WHEN Natasha Fraser tried to position herself near the front of the field in Sydney’s Centennial park ultra-marathon, she was a little concerned with the strong style of the woman she was chasing.
Two laps into the 50-kilometre event, Fraser realised her rival was competing in a relay but her own pace felt comfortable, so she decided to hold on.
Fraser broke her own course record and claimed a third-consecutive Australian 50-kilometre title with a time of three hours, 34 minutes.
It was also the first time Fraser ran a sub-three-hour marathon.
Fraser said the race was the perfect lead-in to the 50km World Trophy Final in Doha this October.
“I just wanted to get a good idea of where I was fitness-wise, too,” Fraser said.
“We’ll be running at night under lights but it will definitely still be hot over there, which is tough to prepare for training in Ballarat in this weather.
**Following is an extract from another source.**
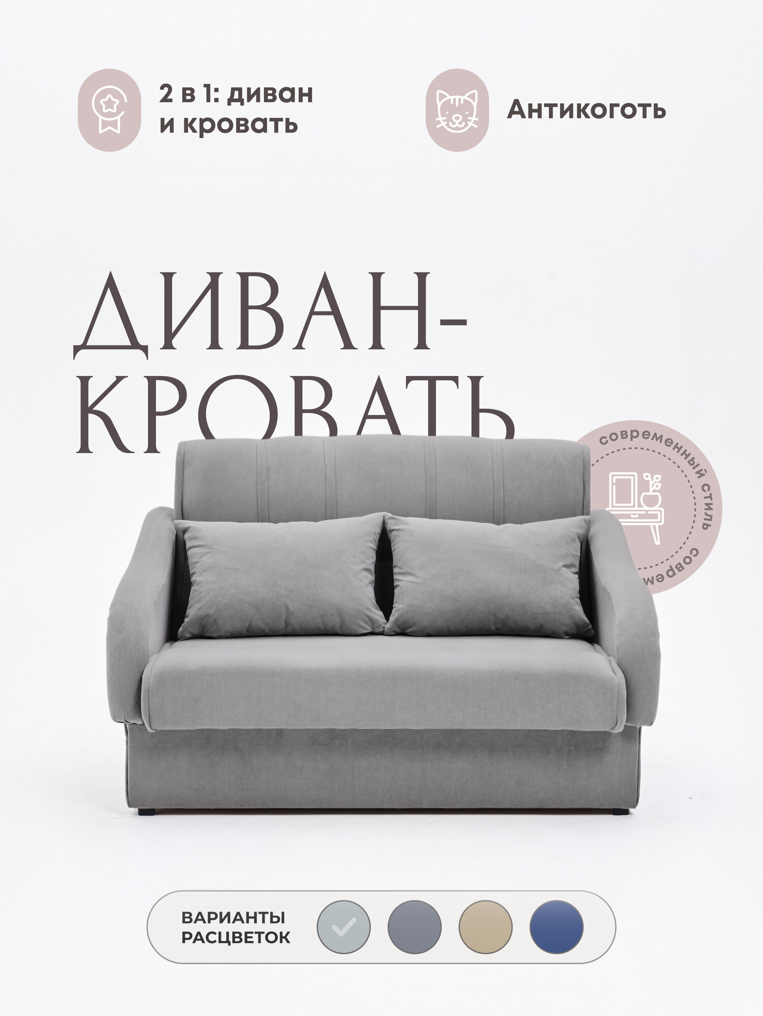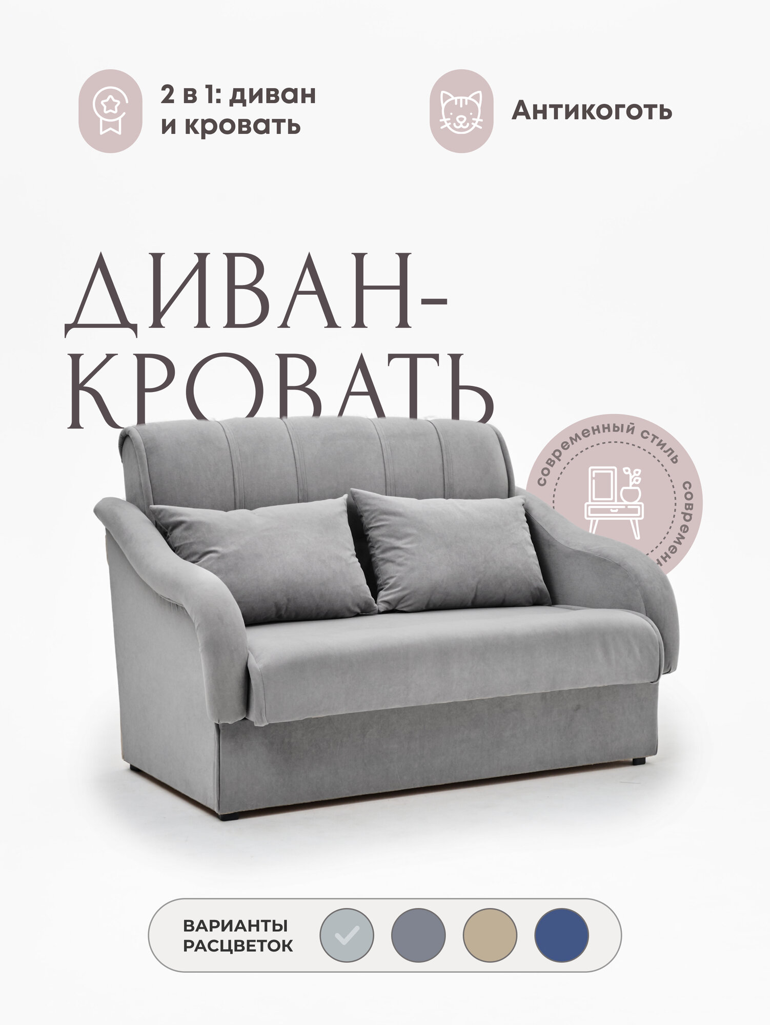 Диван-кровать раскладной двухспальный Тедди беспружинный, антивандальный велюр, размер 140*90*92, цвет серый интересное:

“It’s going to be a dry heat so I’ve also been doing some hot yoga and layering up a lot for my runs.”
Doha will be Fraser’s second time representing Australia in an international 50km field. She also competed in Italy two years ago in hot conditions.
Fraser expected Doha, with its flat course and quality field, to yield fast times.
Training – and the toll such a distance can take on the body – has meant Fraser has used her Sydney title race as a key part of her overall training program for Doha.
The bulk of her work is done in her hometown.
“We’re really big on trails and Ballarat is so lucky, there are so many gorgeous trails in the area – Creswick, Canadian forests,” Fraser said.
“About the next week or two I’ll take easy in recovery and get back into training in a short period ... runners in Ballarat are really blessed, there’s so many people in the running fraternity helping you out.”
Fraser said her husband David Fraser was her main supporter and training partner and physiotherapist Kylie McMahon helped keep her body in good running condition.
Her form in Sydney has Fraser excited about what she might achieve in Doha – but there were still a lot of kilometres to clock up first.